Assignment >>
Your answer should hold only the lines from the start of the data below through the line with "Immerhin hilft das", copied exactly, with pictures left out.
________________________
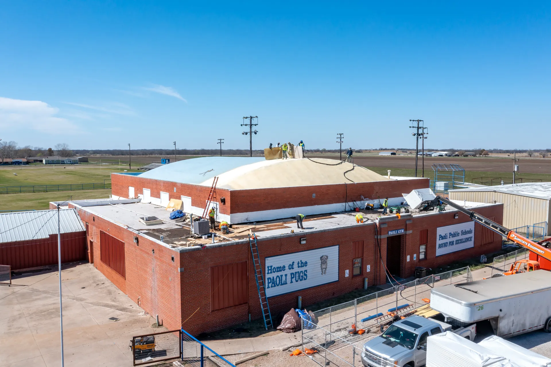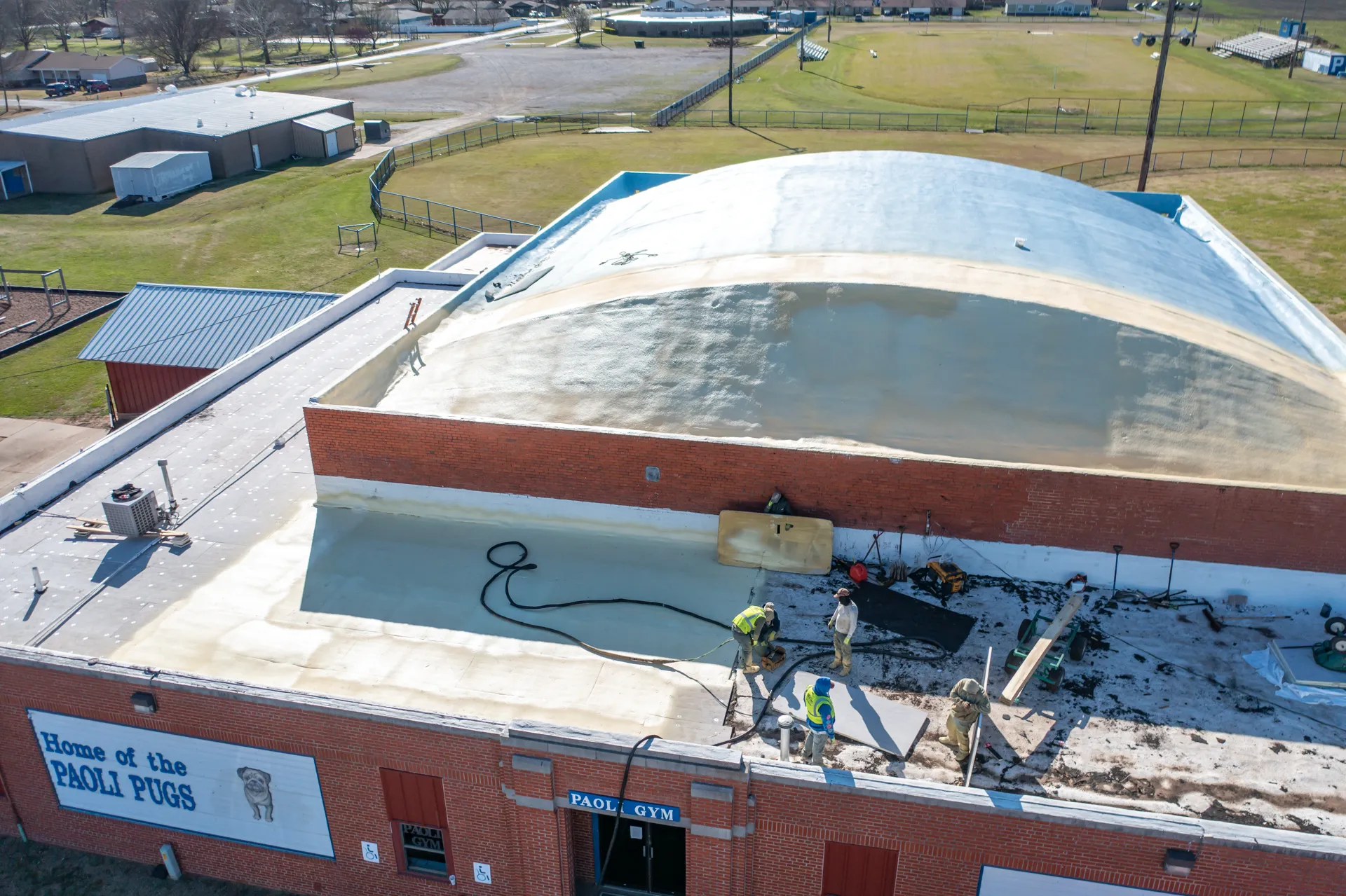 Virtually every roof type was utilized in this project. The gymnasium dome foam roof was severely damaged and was completely replaced. The high school foam roof was upgraded to a durable TPO system with special details for complex roof penetrations. The rest of the campus received replacement of all r-panel roofs. Insulation was added where necessary to increase the energy efficiency of the buildings. This project was successfully and safely completed during the active school year.
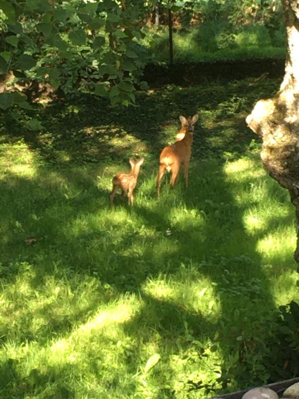 Immerhin hilft das Reh jetzt im Garten mit. Brav immer hübsch die Sandbrombeeren abschneiden. Nur das mit dem Bodeneben muss ich dem Reh noch erklären.
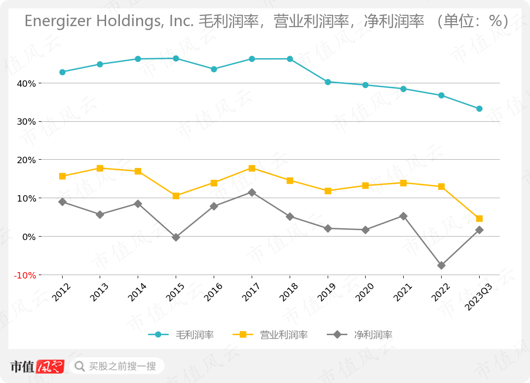 由于上述挑战,加上近两年的北美通胀,劲量的盈利能力明显下滑。截至2023年Q3,公司的毛利润率、营业利润率、净利润率分别为33.25%、4.59%、1.63%。
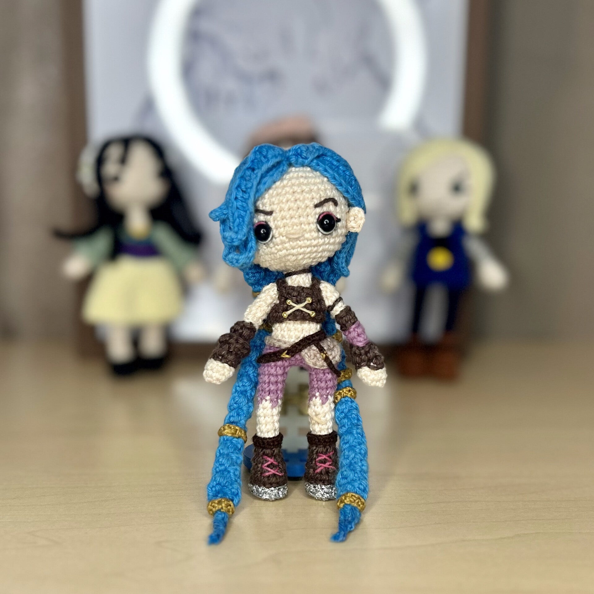 Cette figurine au crochet est inspirée d’un personnage rebelle et explosif bien connu de l’univers Arcane / League of Legends.
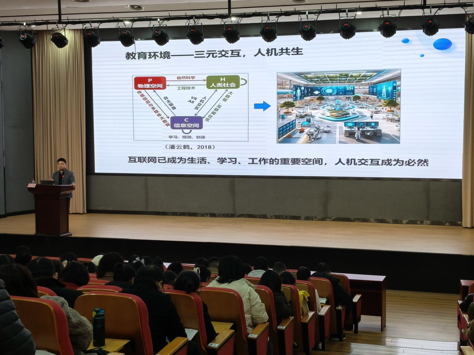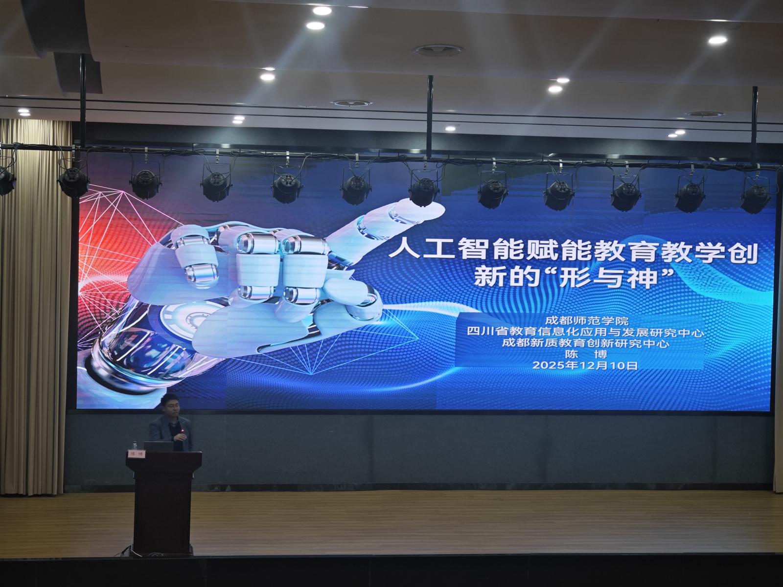 为提升教师数字素养,深入推进人工智能赋能教育教学改革,切实提高教学质量。2025年12月10日,学校邀请成都师范学院陈博老师在3-C209开展了“星火教研工作坊——人工智能赋能教育教学创新的形与神”专题培训会,全校专任教师参加。
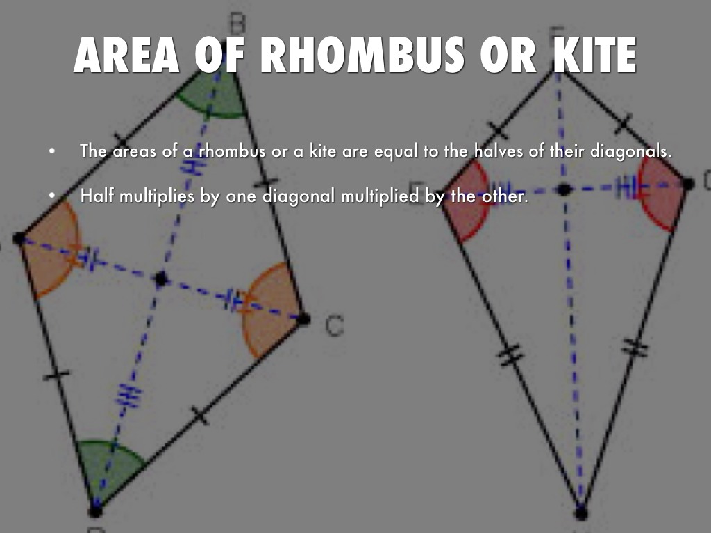 The areas of a rhombus or a kite are equal to the halves of their diagonals.
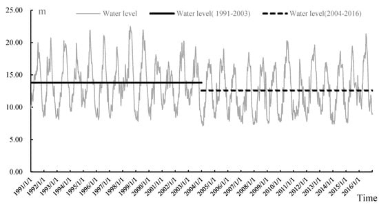 The annual mean time series and CUSUM are shown in Figure 3. A declining trend was found in the annual mean time series of the water level at Xingzi Station. For 2003, a change point was discovered in the time series of water levels because a sudden change in the direction of the CUSUM occurred in 2003 (change from the positive to negative direction). By performing the bootstrap procedure, the confidence level for the change point of the water level was found to be 100%, which was above the 95% significance level. Furthermore, Poyang Lake showed a mean water level of 13.82 m before 2003, which decreased to 12.57 m after 2003. The difference of the water level between the two periods is statistically significant (p=0.001<0.05, t test). Additionally, the daily water level at Xingzi Station of Poyang lake from 1991 to 2016 is presented in Figure 4. To make it clear and concise, the average water levels during the two periods, 1991–2003 and 2004–2016, were calculated and presented. The average water level before 2003 was 13.80 m, and it was 12.57 m after 2004. There are significant differences between the two periods.
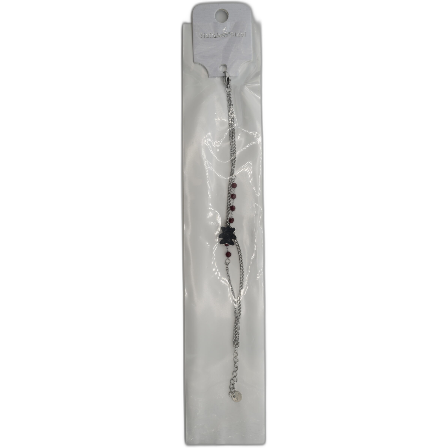 Stříbrný náramek s medvídkem a červenými kamínky. Roztomilý doplněk, který potěší nejen děti, ale i hravé duše.
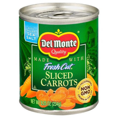 Made with fresh cut sliced carrots. Non GMO (Ingredients of the types used in this product are genetically modified). With natural sea salt. No preservatives. Del Monte Sliced Carrots are picked fresh at the peak of flavor, then packed fresh to lock in their sunny-sweet taste and nutrients. With no artificial flavors or preservatives, you get unsurpassed Del Monte flavor-guaranteed! www.Del Monte.com. Question or Comments? Call 1-800-543-3090 (Mon.-Fri.). Please provide code information from the end of can when calling or writing. Visit us at: www.Del Monte.com. Please recycle. Grown in the USA. Product of USA.
________________________
Answer section >>
 Virtually every roof type was utilized in this project. The gymnasium dome foam roof was severely damaged and was completely replaced. The high school foam roof was upgraded to a durable TPO system with special details for complex roof penetrations. The rest of the campus received replacement of all r-panel roofs. Insulation was added where necessary to increase the energy efficiency of the buildings. This project was successfully and safely completed during the active school year.
 Immerhin hilft das Reh jetzt im Garten mit. Brav immer hübsch die Sandbrombeeren abschneiden. Nur das mit dem Bodeneben muss ich dem Reh noch erklären.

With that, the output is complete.